Tony Abbott on Vladimir Putin Is a Leader America Can Believe In

Tony Abbott on Vladimir Putin Is a Leader America Can Believe In


Vladimir Putin has been a thorn in America’s side, but he has also won a few admirers in the land of the free. Comparisons between President Obama and the Russian leader have left many pundits and commentators wanting more of the macho head of state. Well-known former New York mayor and conservative candidate for president Rudy Giuliani said the Russian leader was decisive, a quality that made him more of a leader than the American president. For Giuliani and other conservatives, anyone except Obama might be a good alternative, even if the alternative is a tyrannical Russian president and former KGB officer who invaded a sovereign nation, has been described as “in another world” by Germany’s Angela Merkel, and has access to nuclear weapons despite seeming a bit unhinged. But on the cusp of the G20 economic forum in Australia, Prime Minister Tony Abbott has offered a very decisive alternative to the often shirtless Russian. In fact, Tony Abbott (who is also often photographed shirtless) and his robust stance on Putin has shown himself to be a leader American conservatives can believe in without any disadvantages whatsoever.

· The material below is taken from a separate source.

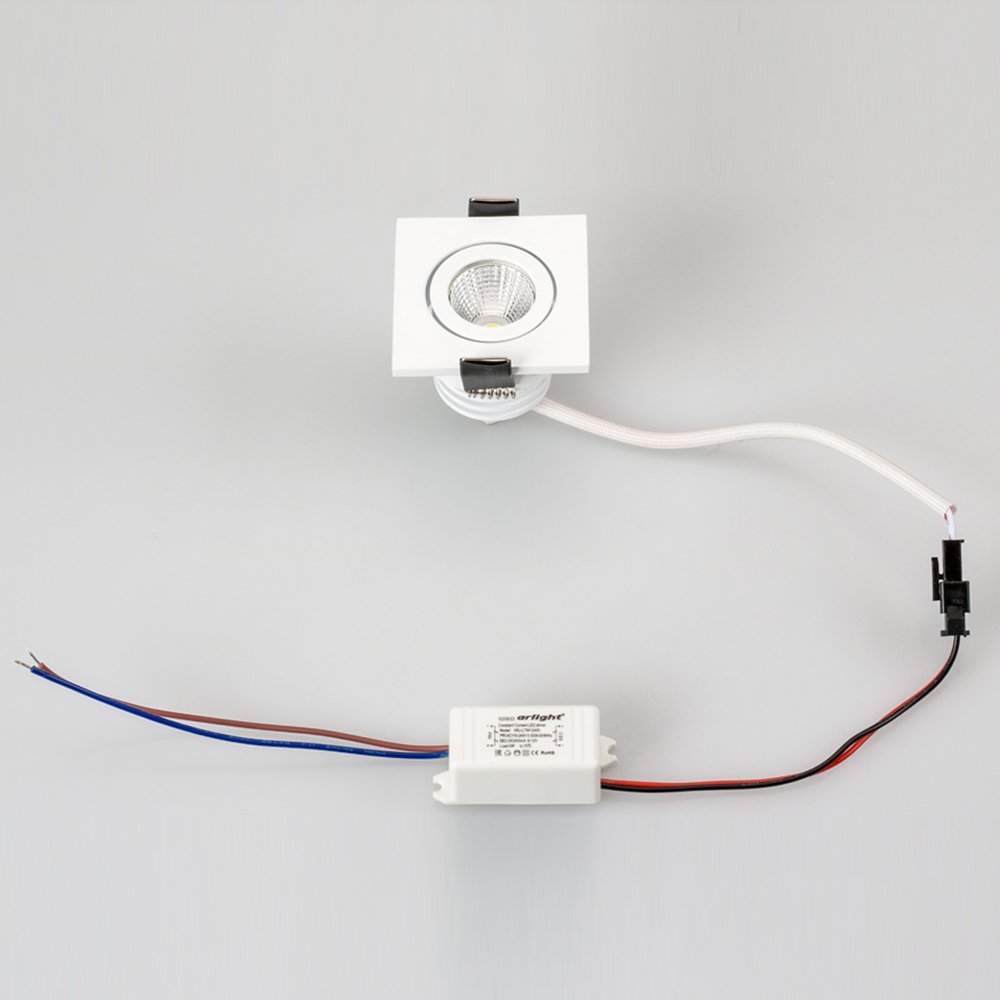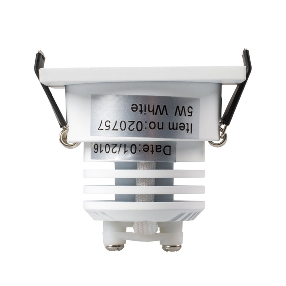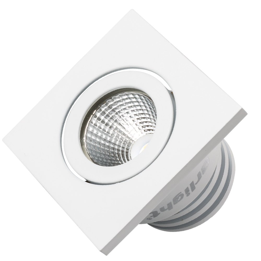 Врезной квадратный мебельный светильник 5Вт, корпус белый алюминий. Цвет ДНЕВНОЙ БЕЛЫЙ 4000K. Светодиод 1х5W Bridgelux. CRI>80, Св.поток 350-400лм, наклоняемая ось, угол 25°. Питание 180-240VAC, 5Вт, 400mA 11-13V, драйвер в комплекте. Размеры 50x50x50 мм, врезное отверстие d42 мм.

First of all, there is the fact that Abbott has not invaded anywhere and been apparently involved in the shooting down of a civilian plane. In fact, that issue is exactly what pits Putin and Abbott against each other and creates a wide variation of sympathy for the Aussie contender. When Malaysia Airlines flight MH17 was shot down, many Australians died as a result, leading the Aussie prime minister to be directly at odds with the uncooperative Russian. While Russian involvement in the tragedy is a difficult subject, Abbott has obviously decided that there is enough evidence for him to confront Putin. As he said in a press conference on Monday, he would “shirtfront” the Russian president about those Australians murdered by Russian-backed rebels.

Abbott’s strong words may need a bit of interpretation for Americans, but the concept of shirtfronting will be recognizable. According to the Australian press, a shirtfront is a strong hit in Aussie rules rugby meant to knock a player down. It is generally considered an unsportsmanlike move, but it is effective during a game and the prime minister, who is famously fit, used to play rugby, so the analogy was apt. In this case, football-loving Americans can believe in Tony Abbott because he is a leader on and off the field and is translating his experience in a beloved sport into diplomatic currency when it comes to Putin’s transgressions. Unlike the long-winded rhetorician Obama, Abbott is a man of action.

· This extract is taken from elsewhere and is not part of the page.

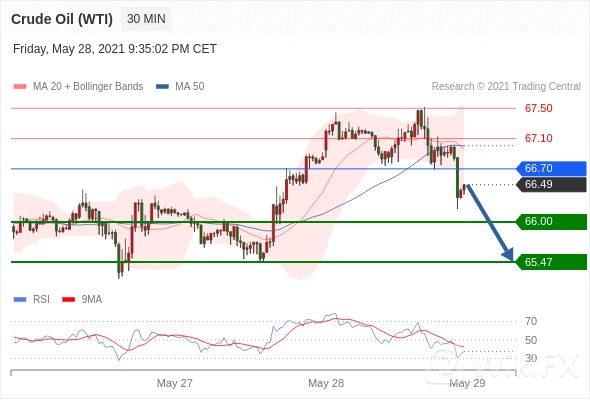 原油 (WTI)(N1)当日内: 没有明显变化趋势。 转折点:66.70 交易策略:在 66.70 之下,看跌,目标价位为 66.00 ,然后为 65.47 。 备选策略:在 66.70 上,看涨,目标价位定在 67.10 ,然后为 67.50。 技术点评:RSI技术指标在50%中性区域之下。

Still, there are some who are unhappy with the prime minister’s verbiage, not the least of which are the Russians. Once the context of the shirtfront remark was explained, diplomats stepped in to poo-poo the idea. The third secretary of the Russian Embassy in Canberra, Australia, reminded many that Putin has a black belt in Judo. “We admire the Australian prime minister. He’s very fit,” said the third secretary, “but the Russian president, he’s a professional judo wrestler.” That reminder set some in Australia wondering just who would win in a fight between the two world leaders, with many remembering that Abbott was a boxer in college and had laid a knock out punch on the now Aussie Treasurer Joe Hockey. The odds from the Vegas bookmakers are still being calculated, but it is obvious that the Russians are worried about a confrontation, otherwise they would not have sent someone as important as a third secretary to address the issue.

While American fans and Aussie punters are speculating about the odds, professional politicians in Australia are condemning Abbott’s comments, trying to give a balanced picture of the issue. Senator Jacquie Lambie, somewhat famous for her own press conferences, said that the prime minister exhibited bad manners with the threat to Putin. This made some observers feel uncomfortable, especially since Lambie has said on air that she was looking for a man with a big package. While the New York Times cited her as a credible commentator, Aussie outlets were led to make jokes about pots and kettles and the color black.

While Australians are feeling concerned about the manners and maturity levels of their politicians, American conservatives starved for a real leader are feeling elated at the prospect of Tony Abbott. He is just the kind of conservative they need. Except for the fact that he is Australian, American conservatives might just try to make him their 2016 presidential candidate. Unlike Putin, who has too many pesky problems to be a viable candidate for the conservative leadership, Abbott is a leader that Americans can believe in without feeling guilty about it, which is more than the Aussies who gave him a 40 percent approval rating can say.